Wednesday, April 18, 2007

 

The Lords’ Appointments Commission Isn’t Toothless – It Just Didn’t Bite

You may have heard about Lord Laidlaw, a Conservative peer and donor who’s said to be the second richest person in Scotland and – gasp! – a tax exile. The BBC reports that, three years after agreeing to become a UK resident to gain a peerage, he still hasn’t done it. The Lords’ Appointments Commission will “name and shame him in a forthcoming review” (so what’s this morning’s leak news?), but the Today Programme said they’re otherwise “powerless”. I know what you’d expect me to say: ‘Tory donor, filthy rich, tax exile, cash for honours, scandal, holds up shocked mittens’. Actually, it’s not quite that simple. My biggest problem is not with Lord Laidlaw, but with Lords’ Appointments Commission.

I don’t approve of peerages, with donations or without. I was delighted last month when the House of Commons voted to replace the whole bunch with people who can be elected and held to account – though, unaccountably, the Lords didn’t agree. But despite Lord Laidlaw sounding, in a one-line summary, like one of the dodgier members of a wholly dodgy House, I’m wary of reports that throw everything at one individual. In part, it’s because that distracts attention from the need to throw out the lot of them and replace them with people we can choose to throw out, or not, on a regular basis. In part, it’s because the story contains some elements in his favour.

Obviously, if we’re going to have legislators on the basis of some whim, bung or ancestry rather than because they’ve won an election (sorry to keep banging on, but my dictionary and I have rather old-fashioned notions of what a ‘democracy’ might mean), having a legislator called ‘Laidlaw’ is as good an excuse as any, and better than most – I mean, can you think of a more brilliant name? More seriously, the BBC’s Business Editor reports that Lord Laidlaw has written to the Lords’ Appointments Commission to say that he does still plan to move, but that personal reasons have delayed it. Well, I can understand that; I’m quite attached to our flat and wouldn’t want to be forced to move from that either, though tragically it’s not worth £700-odd million, and involves us already paying taxes. And, very much in his favour, he’s said he intends gradually to give away his vast personal fortune to charity. Knowing little about him except for this story, that makes him sound rather a good egg, major donor to the Tories or not. Against him, there’s the fact that he told the BBC’s Business Editor “I have made it a rule never to speak to journalists.” Well, I suppose being a snooty git who considers any enquiries from the people they rule over to be the height of impertinence comes with the job, too (see ‘objections to House of Lords, general’, above).

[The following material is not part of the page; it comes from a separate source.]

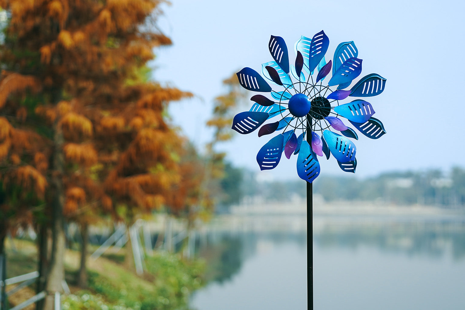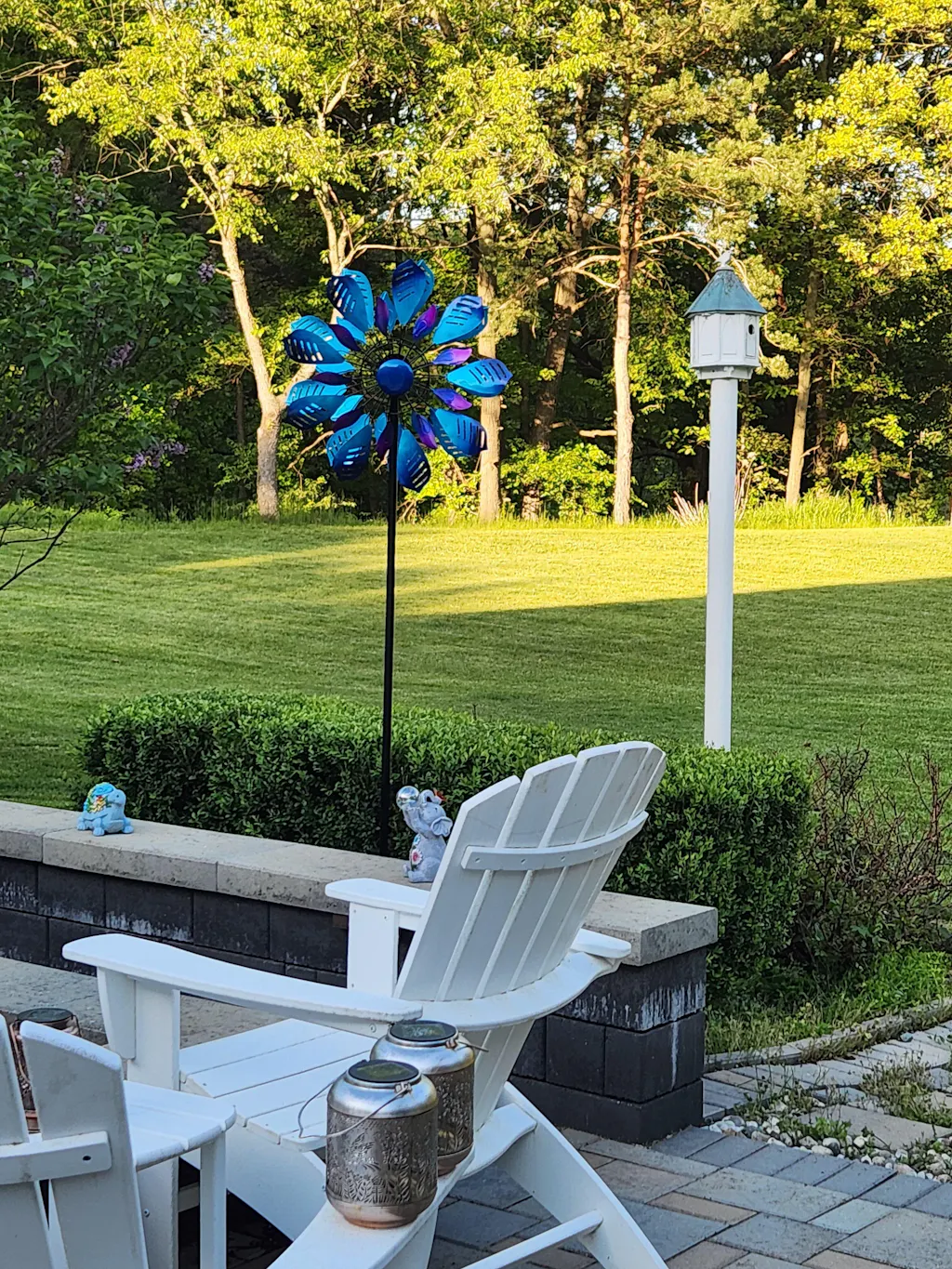 The wind spinners complement each other with plants and flowers, creating a charming and vibrant outdoor space.

So if Lord Laidlaw is a laudable philanthropist who simply has an unfortunate record of giving some of his largesse to deeply undeserving causes, what’s my real problem? It’s with this report, swallowed wholesale by journalists, that all the Lords’ Appointments Commission can do is “name and shame” tax exile peers they’ve previously rubber-stamped, and that they’re brave, noble individuals who are “powerless” to take real action such as, say, revoking a peerage. Well, aside from their being there as an artificial life-support for the concept of government by patronage, I have no sympathy whatsoever for their sanctimonious bleatings today. Their cowardly leaking that they’d like to revoke Lord Laidlaw’s peerage if they only could is shameful. The fact is, they were not powerless when it mattered – just incompetent. The Commission had all the power they needed to prevent a tax exile from becoming a peer. They could have heard his evidence that he intended to move at some point, and answered: ‘Fine. And six months after you’ve done so, provide us with the evidence you’ve settled here and we will give you your peerage.’ But they didn’t bother. This cowardly, lazy and incompetent bunch are now saying – out of the corners of their mouths, as of course their “review” remains “forthcoming” – that it’s all someone else’s fault. No, it’s not. It’s theirs, and rather than criticise someone else, they should be apologising for giving him the nod in the first place when it was their duty to have stopped him. Just as all but about 0.0001% of the tens of millions of us in Britain have no say on the Lords themselves, we have no say on this small group of people who are supposed to choose whether our potential lawmakers are ‘worthy’. Today more than ever, it’s clear they need holding to account, too.

In other news, the ‘war on drugs’ (immensely tasteless, with all the real wars about) has completely failed, as drug use remains high and a major source of criminality. Well, goodness me, bless my muffins, who’d have thought, I don’t Adam and Eve it, etc. Expect the Labour Government to sound just as faux-shocked as their Lords’ Appointments Commission as they rush round to blame everyone else but themselves and ask for new powers with which to waste police time instead of getting to the root of the problem. As long as drugs have an effect on people, people will take them. And as long as they remain illegal, criminals will take those people’s money. Like ‘Who gave the go-ahead to a tax exile peer,’ this is not rocket science.